Bisnis.com, JAKARTA - Saham pengendali PT Solusi Tunas Pratama Tbk. (SUPR), PT Profesional Telekomunikasi Indonesia atau Protelindo tercatat berkurang menjadi 49,98 persen dalam laporan terbaru Kustodian Sentral Efek Indonesia (KSEI).
Dokumen KSEI menyebutkan saham Protelindo di SUPR berkurang menjadi 568,5 juta saham atau setara 49,98 persen per 24 Januari 2023. Sebelumnya, per 20 Januari 2023, saham Protelindo di SUPR tercatat sebanyak 1,13 miliar atau setara 99,96 persen.
Vice President Director Protelindo Adam Gifari menjelaskan sepengetahuan Protelindo, tidak ada pengalihan saham SUPR milik Protelindo.

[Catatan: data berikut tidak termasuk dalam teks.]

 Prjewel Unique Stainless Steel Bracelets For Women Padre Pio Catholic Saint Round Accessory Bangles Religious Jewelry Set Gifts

Akan tetapi, perusahaan dalam proses untuk mengubah 50 persen saham scriptless miliknya di SUPR menjadi script atau warkat.
"Namun, secara total, kepemilikan saham Protelindo di SUPR tidak berubah," kata Adam menjawab pertanyaan Bisnis, dikutip Jumat (27/1/2023).

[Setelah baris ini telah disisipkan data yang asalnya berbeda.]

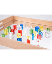 Polished crystal colour and clear acrylic shapes with smooth, gleaming tactile surfaces. The set contains 5 different shapes designed to encourage children to create pictures, patterns, sequences and use in imaginative play.
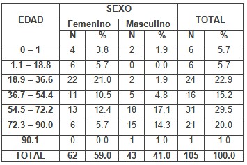 Tabla 2. Distribución de frecuencia por edad y sexo en los pacientes con aislamientos de Escherichia coli.
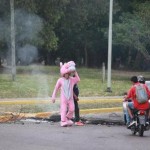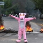 Un grupo de vecinos cortó la intersección de las calles 122 y 50 en la capital bonaerense de La Plata para manifestarse por la falta de agua que padecen desde hace más de quince días. Uno de los manifestantes tuvo una peculiar idea. Acudió a la protesta disfrazado de la Pantera Rosa.
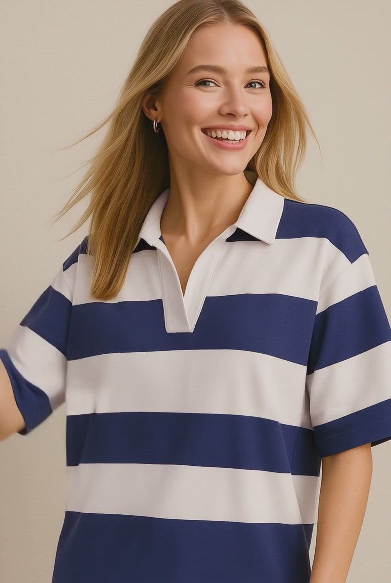 Oh Pima Cotton Wash Color Block Johnny Collar Half Sleeve Top
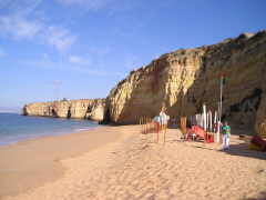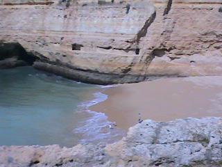 Der Strand ist äußerst romantisch, liegt jedoch morgens und abends im Schatten der Felsen. Dieser kleine ca 100 m lange Strand ist in seiner Art sicherlich einmalig an der Algarve.
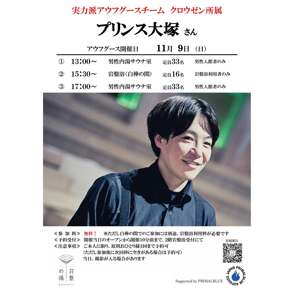 花景の湯ゲストアウフグースイベント 11/9(日) プリンス大塚さん (クロウゼン) 13:00 男性サウナ 15:30 白樺の間 17:00 男性サウナ ※白樺の間の開催のご予約はお早めに! #hanabiyori #花景の湯 #サウナ #アウフグース #サウナイキタイ #サ活 #ととのう #primalblue #プリンス大塚 pic.x.com/W3Fq0pfQky
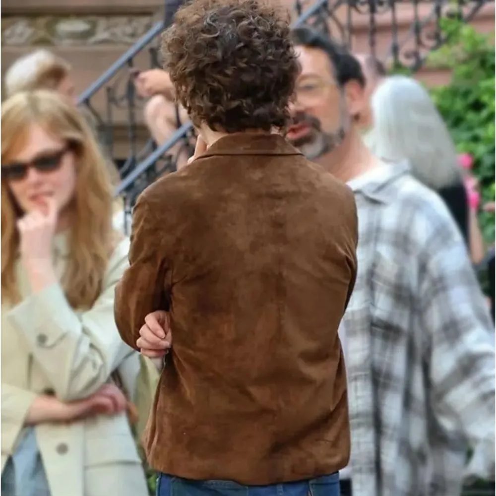 Damon’s A Bob Dylan Suede Jacket had undergone metamorphosis from humble beginnings into something Herculean about Americana. Luxurious but economic, truly wore distressed soft suede leather lined with viscose, is all about care-freedom and a legendary social dominance. This jacket features its iconic shirt styled collar, buttoned cuffs, and long sleeves-all fitting for informal or vintage looks. Two front waist pockets and two inner pockets finish off the design very well. A classic, rich brown, a retro look; it should add a great touch to any wardrobe.
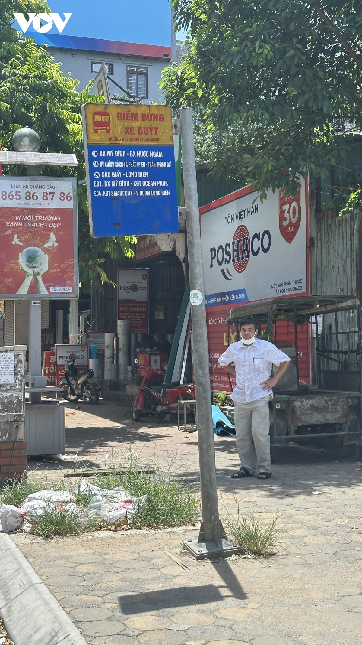 Những bao phế thải vật liệu xây dựng trên đường Trần Thánh Tông gần khu vực Nhà tang lễ quốc gia, Bệnh viện 108
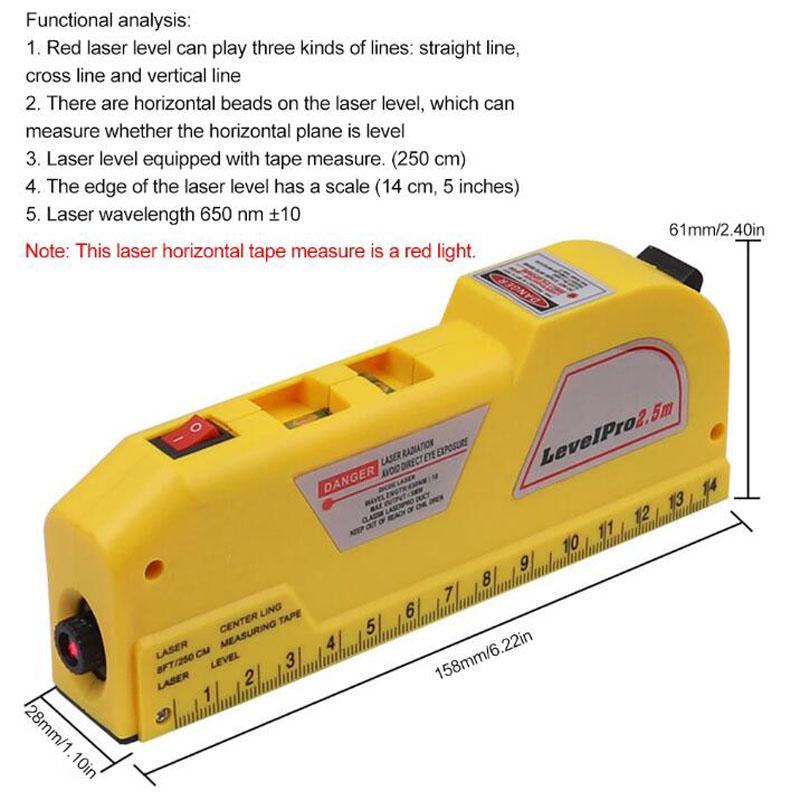 3.Лазерный уровень Dumpy оснащен круглой линейкой.. (2,5 метра, метрическая/имперская система мер).
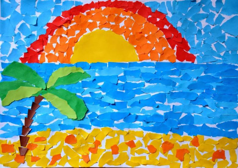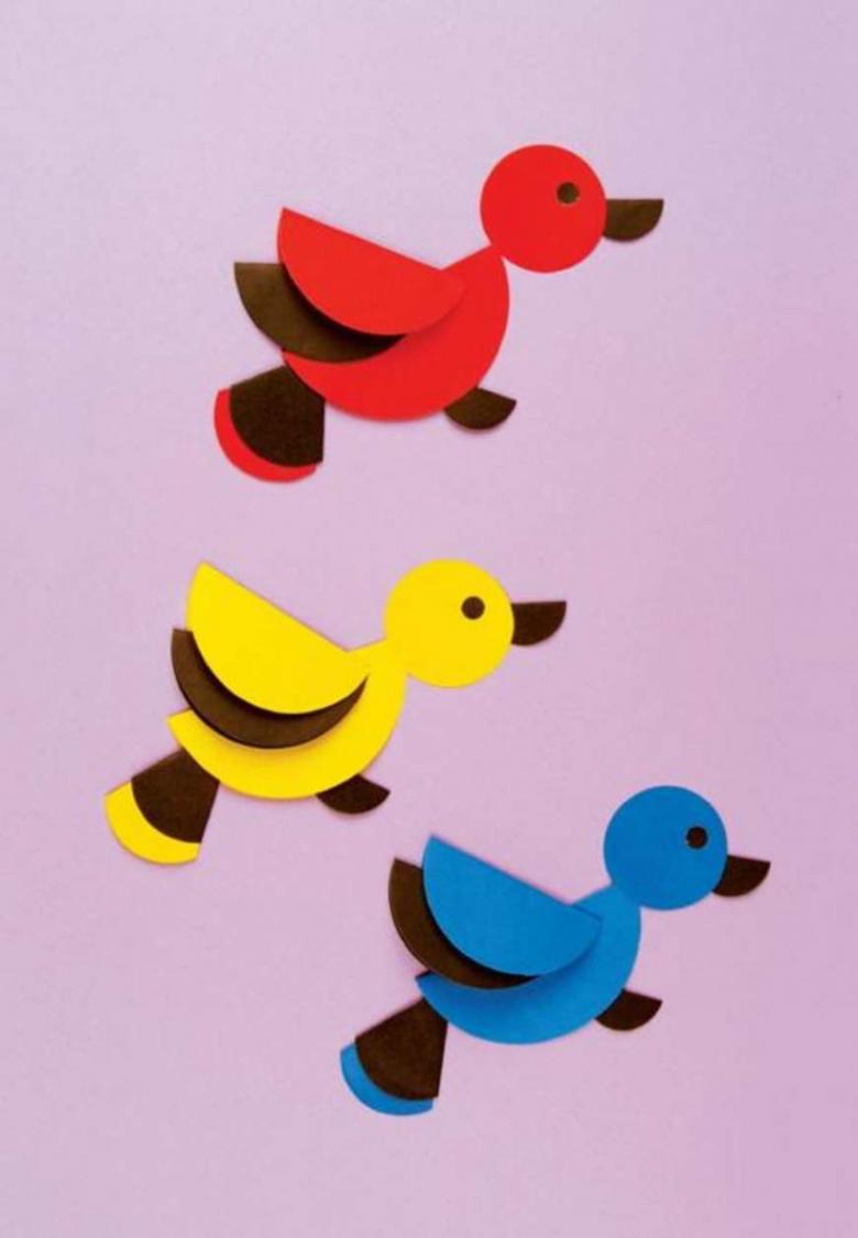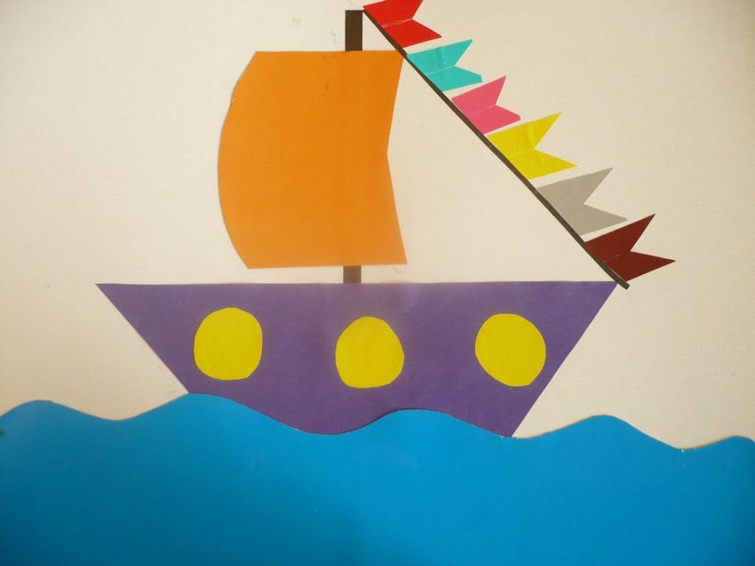 Une colonne distincte est consacrée à l'application de papier coloré, car les enfants y apprennent la diligence, la persévérance et la patience. Malgré la simplicité et l'accessibilité apparentes, les enfants sont très attentifs lorsqu'ils collent des figurines sur n'importe quel support. L'apprentissage peut commencer dès l'âge de 2 ans.

Dia melanjutkan, pada Februari nanti, Protelindo akan melakukan pelaporan daftar pemegang saham ke BEI. Menurutnya, dalam pelaporan tersebut akan terlihat tidak ada perubahan kepemilikan saham Protelindo di SUPR.
"Di situ akan terlihat bahwa pada Januari 2023 tidak ada perubahan kepemilikan saham Protelindo atas SUPR, yaitu tetap sekitar 99,99 persen," ucap Adam.
Baca Juga
Sebagaimana diketahui, Grup Djarum melalui Protelindo mengakuisisi saham SUPR pada 2021 lalu. Protelindo mengakuisisi sebanyak 1,06 miliar saham atau 94,03 persen saham SUPR dengan nilai mencapai Rp16,7 triliun.

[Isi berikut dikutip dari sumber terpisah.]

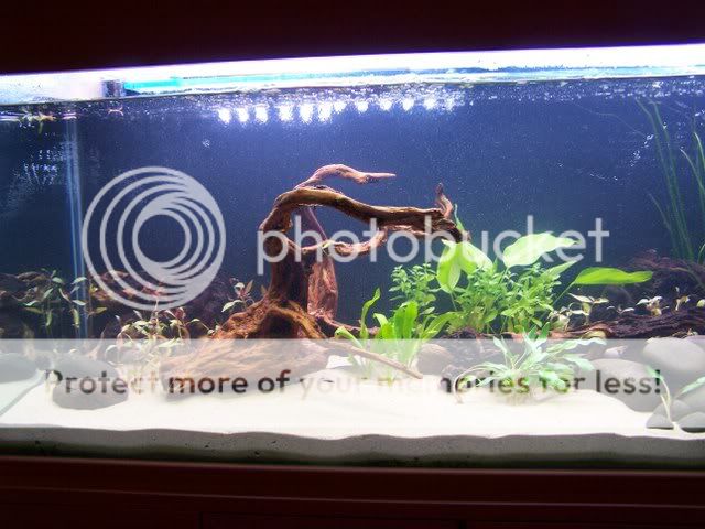 The T8 light is on for 11hrs per day and the T5 one for about 6 hrs. I'll take some more pics later as I got a few plants from greenline a few days ago. I'm having a few algae problems at the moment but hopefully this will clear up as the plants get more established.

Adapun, saat ini kepemilikan masyarakat di saham TOWR hanya sebesar 0,04 persen atau sebanyak 480.044 saham. Selain Protelindo, tidak terdapat nama pemegang saham pengendali lain di SUPR. Dengan demikian, jumlah saham SUPR yang beredar di publik ini tercatat belum memenuhi ketentuan free float dari BEI yang sebesar 7,5 persen.
Sebelumnya, Direktur Utama SUPR Juliawati Gunawan Halim mengatakan pihaknya masih memiliki waktu dua tahun untuk pemenuhan free float pemegang saham. Hal ini mengikuti ketentuan yang berlaku terkait pengalihan kembali saham setelah pelaksanaan mandatory tender offer (MTO).
"Ada dua tahun untuk kami memenuhi ketentuan bursa. Go private, saya tidak bisa berkomentar tentang itu, karena hal ini belum pernah dibicarakan dan diputuskan," ujarnya.